_Task description:_ Below are some records. Print exactly the lines between the one holding "Nghiên cứu mô" and the one holding "截至2025年,公司经营活动", inclusive, and nothing else.

== Segment start ==

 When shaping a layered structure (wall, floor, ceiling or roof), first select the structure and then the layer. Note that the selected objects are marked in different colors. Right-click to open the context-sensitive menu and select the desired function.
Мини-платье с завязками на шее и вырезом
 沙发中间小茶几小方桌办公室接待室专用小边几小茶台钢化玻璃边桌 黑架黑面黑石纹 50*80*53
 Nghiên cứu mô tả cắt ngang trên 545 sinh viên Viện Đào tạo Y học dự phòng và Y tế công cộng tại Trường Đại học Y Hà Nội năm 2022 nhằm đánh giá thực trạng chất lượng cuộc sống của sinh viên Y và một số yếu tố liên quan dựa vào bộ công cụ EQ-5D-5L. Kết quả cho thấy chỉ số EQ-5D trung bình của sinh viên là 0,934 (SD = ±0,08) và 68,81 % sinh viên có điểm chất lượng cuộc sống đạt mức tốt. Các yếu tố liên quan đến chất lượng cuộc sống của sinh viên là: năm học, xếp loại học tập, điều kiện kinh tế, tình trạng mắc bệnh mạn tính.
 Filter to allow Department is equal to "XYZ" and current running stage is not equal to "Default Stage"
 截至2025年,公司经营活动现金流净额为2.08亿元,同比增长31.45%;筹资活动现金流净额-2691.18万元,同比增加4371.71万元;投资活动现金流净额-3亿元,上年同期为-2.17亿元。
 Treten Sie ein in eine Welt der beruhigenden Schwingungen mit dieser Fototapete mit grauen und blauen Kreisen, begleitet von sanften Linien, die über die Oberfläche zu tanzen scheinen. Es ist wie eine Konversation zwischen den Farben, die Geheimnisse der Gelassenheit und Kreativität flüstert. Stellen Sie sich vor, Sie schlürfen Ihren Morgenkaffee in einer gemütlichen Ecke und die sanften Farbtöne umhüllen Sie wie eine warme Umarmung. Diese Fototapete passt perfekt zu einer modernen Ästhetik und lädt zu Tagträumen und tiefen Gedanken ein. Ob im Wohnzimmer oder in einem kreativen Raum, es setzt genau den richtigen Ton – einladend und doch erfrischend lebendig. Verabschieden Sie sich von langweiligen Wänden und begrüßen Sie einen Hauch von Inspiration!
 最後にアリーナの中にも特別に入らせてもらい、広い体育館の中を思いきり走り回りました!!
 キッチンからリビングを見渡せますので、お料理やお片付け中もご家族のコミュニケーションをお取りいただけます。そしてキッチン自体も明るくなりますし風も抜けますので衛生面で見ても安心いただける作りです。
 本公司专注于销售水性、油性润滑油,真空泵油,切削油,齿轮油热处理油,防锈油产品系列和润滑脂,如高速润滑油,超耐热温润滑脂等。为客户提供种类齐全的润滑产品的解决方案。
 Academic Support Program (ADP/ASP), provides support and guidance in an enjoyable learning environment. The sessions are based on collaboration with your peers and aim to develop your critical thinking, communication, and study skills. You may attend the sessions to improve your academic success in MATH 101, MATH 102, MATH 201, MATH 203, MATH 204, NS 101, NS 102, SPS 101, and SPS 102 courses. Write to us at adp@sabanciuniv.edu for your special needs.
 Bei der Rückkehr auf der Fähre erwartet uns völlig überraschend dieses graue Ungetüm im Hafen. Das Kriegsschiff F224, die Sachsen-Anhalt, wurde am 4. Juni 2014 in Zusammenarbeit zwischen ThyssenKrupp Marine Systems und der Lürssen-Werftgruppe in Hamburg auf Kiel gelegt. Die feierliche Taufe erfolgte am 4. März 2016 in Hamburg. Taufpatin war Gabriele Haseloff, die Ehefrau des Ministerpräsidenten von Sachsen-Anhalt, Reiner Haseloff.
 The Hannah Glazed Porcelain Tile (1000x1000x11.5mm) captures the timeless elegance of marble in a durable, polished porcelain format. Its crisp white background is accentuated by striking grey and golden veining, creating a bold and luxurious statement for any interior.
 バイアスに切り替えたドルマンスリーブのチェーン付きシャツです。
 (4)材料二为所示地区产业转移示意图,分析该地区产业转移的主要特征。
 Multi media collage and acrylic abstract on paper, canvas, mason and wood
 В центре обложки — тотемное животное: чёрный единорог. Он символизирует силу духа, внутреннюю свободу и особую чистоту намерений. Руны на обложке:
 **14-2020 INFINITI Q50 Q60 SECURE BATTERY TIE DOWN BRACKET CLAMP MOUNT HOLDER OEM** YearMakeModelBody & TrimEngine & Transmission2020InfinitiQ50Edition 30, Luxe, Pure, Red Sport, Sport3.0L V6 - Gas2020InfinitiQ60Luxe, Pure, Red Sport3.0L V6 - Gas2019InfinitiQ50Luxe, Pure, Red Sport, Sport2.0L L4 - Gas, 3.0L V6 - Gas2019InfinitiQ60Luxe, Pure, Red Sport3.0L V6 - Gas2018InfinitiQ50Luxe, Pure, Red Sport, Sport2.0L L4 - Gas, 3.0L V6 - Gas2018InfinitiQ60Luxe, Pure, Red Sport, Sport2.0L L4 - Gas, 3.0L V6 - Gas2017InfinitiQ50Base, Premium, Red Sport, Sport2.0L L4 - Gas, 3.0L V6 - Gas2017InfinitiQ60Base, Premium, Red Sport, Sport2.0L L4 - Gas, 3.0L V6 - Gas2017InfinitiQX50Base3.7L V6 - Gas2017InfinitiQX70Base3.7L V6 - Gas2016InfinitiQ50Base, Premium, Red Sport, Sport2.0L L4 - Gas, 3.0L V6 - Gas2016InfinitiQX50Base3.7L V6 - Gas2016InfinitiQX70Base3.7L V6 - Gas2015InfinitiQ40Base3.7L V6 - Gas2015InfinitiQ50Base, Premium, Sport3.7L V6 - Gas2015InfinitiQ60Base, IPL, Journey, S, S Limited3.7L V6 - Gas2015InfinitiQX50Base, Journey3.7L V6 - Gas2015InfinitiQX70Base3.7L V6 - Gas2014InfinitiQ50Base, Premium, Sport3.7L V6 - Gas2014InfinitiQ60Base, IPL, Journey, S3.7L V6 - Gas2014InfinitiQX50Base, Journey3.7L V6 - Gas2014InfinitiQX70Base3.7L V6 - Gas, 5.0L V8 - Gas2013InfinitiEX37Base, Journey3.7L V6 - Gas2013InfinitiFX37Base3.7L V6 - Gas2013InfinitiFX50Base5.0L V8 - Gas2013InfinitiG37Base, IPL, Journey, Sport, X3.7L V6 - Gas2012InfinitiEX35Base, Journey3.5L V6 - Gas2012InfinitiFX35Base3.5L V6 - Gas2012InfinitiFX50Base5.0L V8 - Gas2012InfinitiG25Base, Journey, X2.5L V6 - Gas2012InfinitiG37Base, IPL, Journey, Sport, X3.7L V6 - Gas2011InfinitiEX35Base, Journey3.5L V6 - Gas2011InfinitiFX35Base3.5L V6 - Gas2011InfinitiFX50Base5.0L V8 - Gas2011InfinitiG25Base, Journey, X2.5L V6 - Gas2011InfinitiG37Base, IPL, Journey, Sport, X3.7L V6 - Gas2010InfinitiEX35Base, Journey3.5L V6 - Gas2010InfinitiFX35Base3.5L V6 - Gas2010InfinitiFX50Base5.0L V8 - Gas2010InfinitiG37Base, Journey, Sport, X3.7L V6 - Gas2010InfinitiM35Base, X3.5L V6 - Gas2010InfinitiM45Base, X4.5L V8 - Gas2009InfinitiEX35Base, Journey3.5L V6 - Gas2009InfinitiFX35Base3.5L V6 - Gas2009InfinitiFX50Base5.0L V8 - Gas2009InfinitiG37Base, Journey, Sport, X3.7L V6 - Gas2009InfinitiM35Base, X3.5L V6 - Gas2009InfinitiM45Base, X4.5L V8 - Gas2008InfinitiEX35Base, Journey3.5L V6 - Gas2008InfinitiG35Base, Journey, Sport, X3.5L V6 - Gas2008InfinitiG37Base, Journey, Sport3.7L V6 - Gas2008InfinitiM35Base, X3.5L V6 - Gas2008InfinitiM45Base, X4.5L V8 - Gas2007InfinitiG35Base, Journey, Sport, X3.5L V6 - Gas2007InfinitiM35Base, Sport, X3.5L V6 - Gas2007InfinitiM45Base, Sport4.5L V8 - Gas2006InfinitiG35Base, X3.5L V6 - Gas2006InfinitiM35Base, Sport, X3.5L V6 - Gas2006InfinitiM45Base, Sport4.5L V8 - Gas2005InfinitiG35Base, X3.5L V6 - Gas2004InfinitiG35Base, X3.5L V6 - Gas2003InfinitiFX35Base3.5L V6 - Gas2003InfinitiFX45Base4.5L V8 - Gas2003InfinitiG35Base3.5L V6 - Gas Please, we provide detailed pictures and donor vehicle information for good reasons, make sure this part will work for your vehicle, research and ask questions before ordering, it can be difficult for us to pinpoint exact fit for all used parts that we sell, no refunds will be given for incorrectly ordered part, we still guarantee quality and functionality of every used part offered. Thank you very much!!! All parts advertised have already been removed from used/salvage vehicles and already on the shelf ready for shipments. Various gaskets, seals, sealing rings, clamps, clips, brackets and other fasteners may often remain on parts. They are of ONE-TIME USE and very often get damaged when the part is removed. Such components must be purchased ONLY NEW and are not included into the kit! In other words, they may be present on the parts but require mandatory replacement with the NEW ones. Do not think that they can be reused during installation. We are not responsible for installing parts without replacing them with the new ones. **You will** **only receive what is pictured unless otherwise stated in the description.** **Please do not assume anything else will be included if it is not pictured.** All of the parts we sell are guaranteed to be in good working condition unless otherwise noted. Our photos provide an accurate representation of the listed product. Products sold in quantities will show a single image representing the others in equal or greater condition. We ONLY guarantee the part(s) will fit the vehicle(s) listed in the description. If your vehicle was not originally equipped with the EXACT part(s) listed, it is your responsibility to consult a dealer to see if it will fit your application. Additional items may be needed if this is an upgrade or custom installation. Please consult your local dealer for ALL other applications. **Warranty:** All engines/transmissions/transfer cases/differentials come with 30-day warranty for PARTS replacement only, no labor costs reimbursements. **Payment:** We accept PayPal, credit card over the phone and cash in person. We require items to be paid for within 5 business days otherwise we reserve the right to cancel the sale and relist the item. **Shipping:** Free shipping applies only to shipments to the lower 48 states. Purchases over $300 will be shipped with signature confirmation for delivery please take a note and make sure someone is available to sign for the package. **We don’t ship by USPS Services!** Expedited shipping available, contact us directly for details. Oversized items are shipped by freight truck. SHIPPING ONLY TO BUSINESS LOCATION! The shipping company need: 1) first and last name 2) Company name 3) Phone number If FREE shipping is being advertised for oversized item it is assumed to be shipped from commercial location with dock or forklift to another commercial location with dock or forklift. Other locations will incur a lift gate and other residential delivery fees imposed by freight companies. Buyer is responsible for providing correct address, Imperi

== Segment end ==

_Solution:_
 Nghiên cứu mô tả cắt ngang trên 545 sinh viên Viện Đào tạo Y học dự phòng và Y tế công cộng tại Trường Đại học Y Hà Nội năm 2022 nhằm đánh giá thực trạng chất lượng cuộc sống của sinh viên Y và một số yếu tố liên quan dựa vào bộ công cụ EQ-5D-5L. Kết quả cho thấy chỉ số EQ-5D trung bình của sinh viên là 0,934 (SD = ±0,08) và 68,81 % sinh viên có điểm chất lượng cuộc sống đạt mức tốt. Các yếu tố liên quan đến chất lượng cuộc sống của sinh viên là: năm học, xếp loại học tập, điều kiện kinh tế, tình trạng mắc bệnh mạn tính.
 Filter to allow Department is equal to "XYZ" and current running stage is not equal to "Default Stage"
 截至2025年,公司经营活动现金流净额为2.08亿元,同比增长31.45%;筹资活动现金流净额-2691.18万元,同比增加4371.71万元;投资活动现金流净额-3亿元,上年同期为-2.17亿元。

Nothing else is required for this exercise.